In light of these new findings linking FHC to alterations in CXCR4 signaling, we questioned whether FHC was involved in the effects of morphine on neuronal CXCR4. Initial findings demonstrated a mu-opioid-induced increase in FHC protein levels and CXCR4 association, both in vitro and in vivo, temporally correlating with the effects on CXCR4 signaling (Sengupta et al. 2009). Interestingly, prolonged stimulation of MOR by DAMGO did not increase FHC protein levels in cultured glia cells, reflecting our observed functional cell type specificity (i.e., as mentioned earlier, our previous studies showed that CXCR4 stimulation of ERK was unaffected under similar conditions (Sengupta et al. 2009)). In order to evaluate the relevance of FHC to CXCR4 inhibition by MOR agonists, FHC knockdown experiments were performed, demonstrating a diminished effect of mu-opioids on CXCL12-induced signaling. Importantly, these effects were confirmed in vivo, as FHC knockdown decreased the effects of MOR agonism on CXCL12-induced G-protein activation.
A relevance of these findings for human disease is supported by preliminary studies in post mortem human brain tissue, showing an elevation in numbers of FHC-positive cells in the frontal cortex of opiate drug abusers (Pitcher et al. 2010). An increase in cortical FHC was also observed in patients with HIV-associated dementia (Pitcher et al. 2010), a neurodegenerative complication of HIV with increased prevalence and rate of progression among opiate users (Davies et al. 1998; Bell et al. 2006; Hauser et al. 2006; Nath 2010). Importantly, this disease-associated elevation of FHC coincided with a decrease in phosphorylated (active) CXCR4, supporting a role of FHC-induced CXCR4 inhibition in pathological neuronal dysfunction (Pitcher et al. 2010).

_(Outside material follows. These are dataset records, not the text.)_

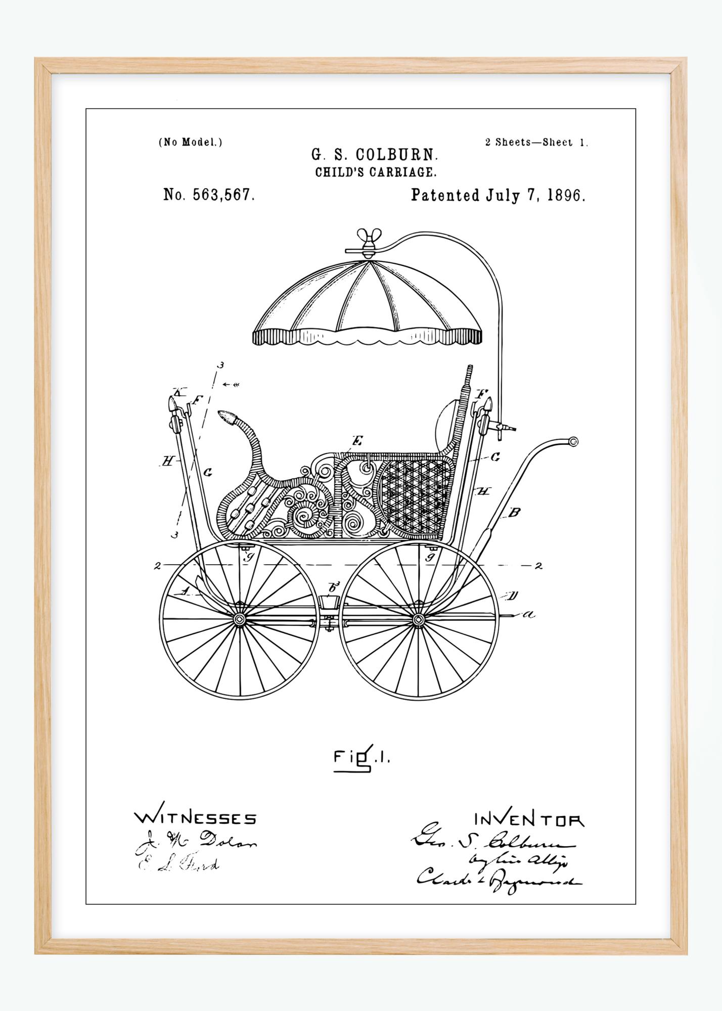 Cet affichage charmant de brevet représente une poussette de la fin des années 1800, numéro de brevet 563,567, accordé le 7 juillet 1896 à G.S. Colburn. La richesse des détails dans le dessin capture l'artisanat et l'inventivité de l'époque, faisant de cette affiche un article de décoration exquis pour tous ceux qui apprécient l'artisanat et le design historiques. L'illustration montre une poussette nostalgique, complète avec des roues pointues et un élégant auvent, reflétant l'élégance et le style d'une époque révolue.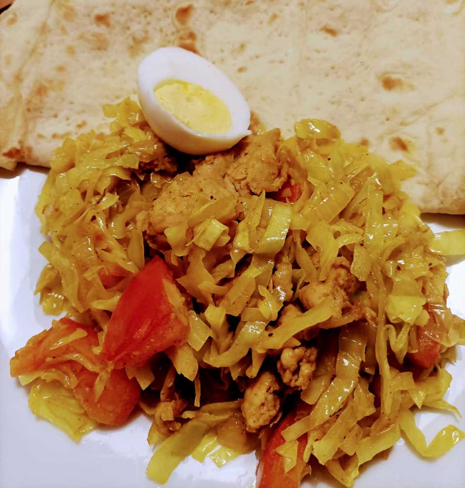 Roti met spitskool en kip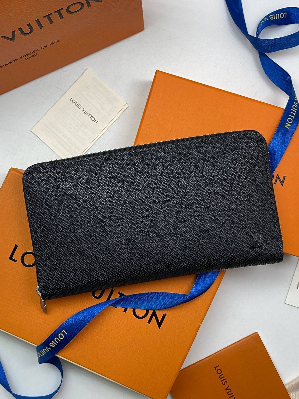 Премиальный кожаный кошелек-клатч в черном цвете с серебристыми элементами, сочетающий классический стиль и современный дизайн.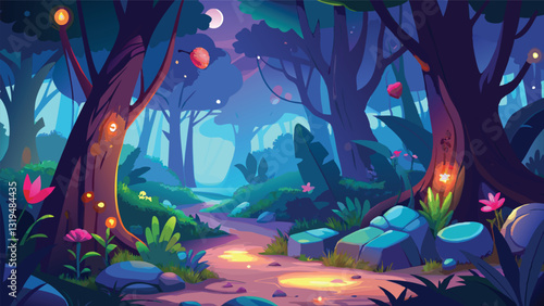 enchanted forest, fantasy, night, tree, glowing, flower, magical, illustration, nature, path, lush, plant, enchanted, glow, dark, mystical, whimsical, dreamlike, pathway, wood, scene, background, artwork, graphic, digital artwork, vibrant, colourful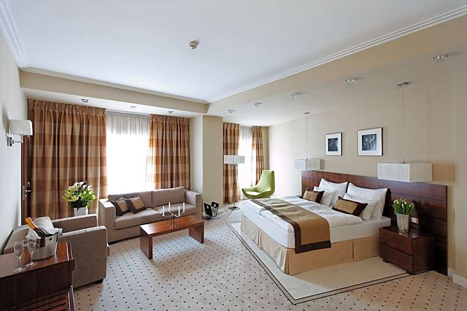 Features a separate living room with a comfortable sofa and armchair.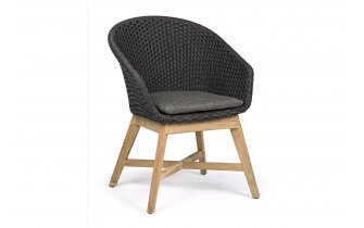 2x hoker stołowy ogrodowy nowoczesny z podstawą z drewna teak i siedziskami wyplatanymi lina polipropylenową.
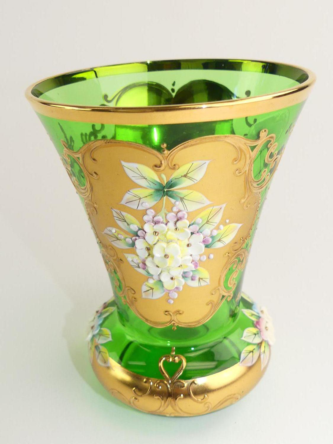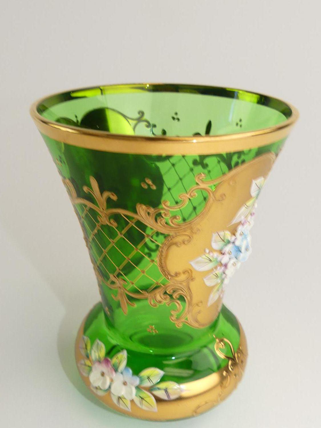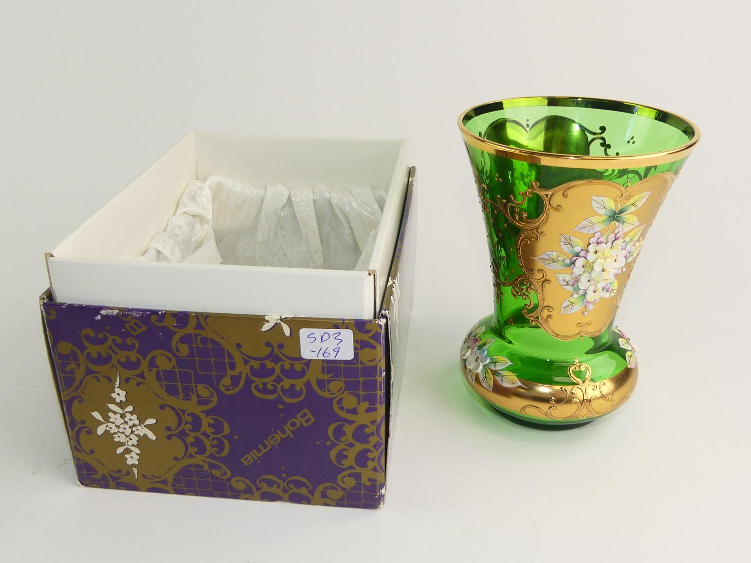 bohemian enamelled green glass vase in original box, ht. 5 1/2"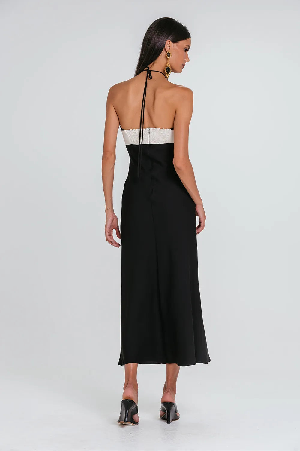 Confeccionado em nosso crepe premium com acetato e viscose, dispõe de toque suave e caimento estruturado, valorizando a silhueta. O Vestido Lana apresenta amarração no pescoço e fechamento por zíper invisível nas costas, desenhando a silhueta de uma forma confortável e moderna, além de um franzido central que eleva as formas da peça de forma ímpar.

Together, these studies identify a novel role of FHC in the regulation of CXCR4 signaling and suggest a new target in opiate-induced neuronal dysfunction. Although the mechanism and full functional consequences of neuronal FHC up-regulation are unclear, the diversity and importance of pathways likely inhibited by this effect suggest a broad physiological and pathological relevance and warrant further investigation into both its causes and effects. An aim of ongoing experiments in our laboratory is to characterize the mechanistic pathway initiated by MOR activation leading to enhanced FHC levels and understand the reasons for the observed differences in CXCR4 modulation by opiates between neurons and astroglia; an understanding of this process may suggest targets for intervention should regulating neuronal FHC prove therapeutically useful, and may broaden our knowledge of factors contributing to FHC regulation in health and disease.
FHC transcriptional regulation
Levels of cellular ferritin are dynamically controlled at both transcriptional and translational levels by a variety of factors involved in free iron and oxidative stress responses (Torti and Torti 2002). Although some genetic players vary between species, broad regulatory themes are conserved, highlighting the importance of ferritin to known iron-binding functions. Major transcriptional and translational regulatory mechanisms, mostly characterized in non-neuronal cells, are described below and illustrated in Fig. 1.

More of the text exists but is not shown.